However, manure isn't just waste. It contains partly digested plant fibers rich in cellulose—a material vital to numerous industries. Traditionally sourced from plants and trees, cellulose is found in everyday items such as paper, food packaging, surgical masks, and textiles. Producing it usually involves harsh chemicals and significant energy use, increasing its environmental impact.

Researchers led by Professor Mohan Edirisinghe developed an innovative approach that transforms cellulose from cow manure into versatile, eco-friendly products. Their groundbreaking study, published in The Journal of Cleaner Production, marks the first successful conversion of animal waste into manufacturing-grade cellulose.

Initially, the research team aimed to extract tiny cellulose fragments naturally found in manure. Through mild chemical reactions and blending processes, they created a cellulose-rich liquid. The next step involved spinning this liquid into useful fibers and films through a technique called nozzle-pressurized spinning (NPS).

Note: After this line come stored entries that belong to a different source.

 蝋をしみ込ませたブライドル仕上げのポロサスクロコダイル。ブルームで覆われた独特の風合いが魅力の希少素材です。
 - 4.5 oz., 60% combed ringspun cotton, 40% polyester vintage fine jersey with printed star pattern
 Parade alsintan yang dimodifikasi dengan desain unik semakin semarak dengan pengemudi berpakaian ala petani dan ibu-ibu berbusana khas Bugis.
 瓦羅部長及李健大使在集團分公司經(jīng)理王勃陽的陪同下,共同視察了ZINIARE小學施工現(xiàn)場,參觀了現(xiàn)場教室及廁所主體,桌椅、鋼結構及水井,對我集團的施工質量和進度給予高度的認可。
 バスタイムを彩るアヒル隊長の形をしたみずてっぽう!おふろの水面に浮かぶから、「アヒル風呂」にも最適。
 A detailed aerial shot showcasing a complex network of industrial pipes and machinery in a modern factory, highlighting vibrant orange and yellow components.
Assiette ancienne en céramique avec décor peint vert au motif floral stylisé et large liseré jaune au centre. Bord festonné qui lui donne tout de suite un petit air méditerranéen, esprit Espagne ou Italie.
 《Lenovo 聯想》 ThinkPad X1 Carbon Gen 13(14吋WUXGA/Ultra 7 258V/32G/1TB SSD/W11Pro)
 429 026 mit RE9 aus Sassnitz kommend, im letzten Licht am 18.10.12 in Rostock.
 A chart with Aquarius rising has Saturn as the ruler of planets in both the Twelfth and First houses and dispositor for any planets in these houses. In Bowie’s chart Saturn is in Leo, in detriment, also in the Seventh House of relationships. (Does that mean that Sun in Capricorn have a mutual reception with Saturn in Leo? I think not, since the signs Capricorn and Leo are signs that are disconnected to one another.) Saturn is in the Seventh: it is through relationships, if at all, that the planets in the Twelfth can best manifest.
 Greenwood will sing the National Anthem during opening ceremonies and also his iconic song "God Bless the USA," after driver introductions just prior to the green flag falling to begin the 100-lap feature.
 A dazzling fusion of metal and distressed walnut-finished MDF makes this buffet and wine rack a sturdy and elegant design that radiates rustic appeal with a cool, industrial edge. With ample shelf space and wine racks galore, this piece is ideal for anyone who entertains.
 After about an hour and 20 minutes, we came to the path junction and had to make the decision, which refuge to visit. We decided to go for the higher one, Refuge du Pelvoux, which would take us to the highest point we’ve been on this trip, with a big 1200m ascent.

The method works by using pressure and rotation forces simultaneously. It creates fibers, films, ribbons, and meshes from liquid cellulose solutions. Unlike conventional fiber-making processes, NPS is remarkably energy-efficient, doesn't use hazardous high-voltage electricity, and can handle thicker, viscous solutions like cellulose effortlessly.

"Extracting the fragments from dung was relatively straightforward," said Professor Edirisinghe. However, initial attempts to spin cellulose using standard NPS setups failed.

The breakthrough came when the researchers switched from a vertical to a horizontal spinning system, injecting cellulose into water. This subtle adjustment was key to forming strong, useful fibers.

"We're still not quite sure why the process works," Edirisinghe admitted, "but the important thing is that it does. It will also be fairly easy to scale up using existing pressurized spinning technology."

The cellulose fibers produced were extremely fine—only about 13 nanometers in diameter—smaller than human hair. Such nanocellulose boasts impressive qualities, including high strength, flexibility, biodegradability, and safety for various applications. Its strength and stiffness are comparable to steel, making it ideal for reinforcing materials in composites, films, and eco-friendly packaging.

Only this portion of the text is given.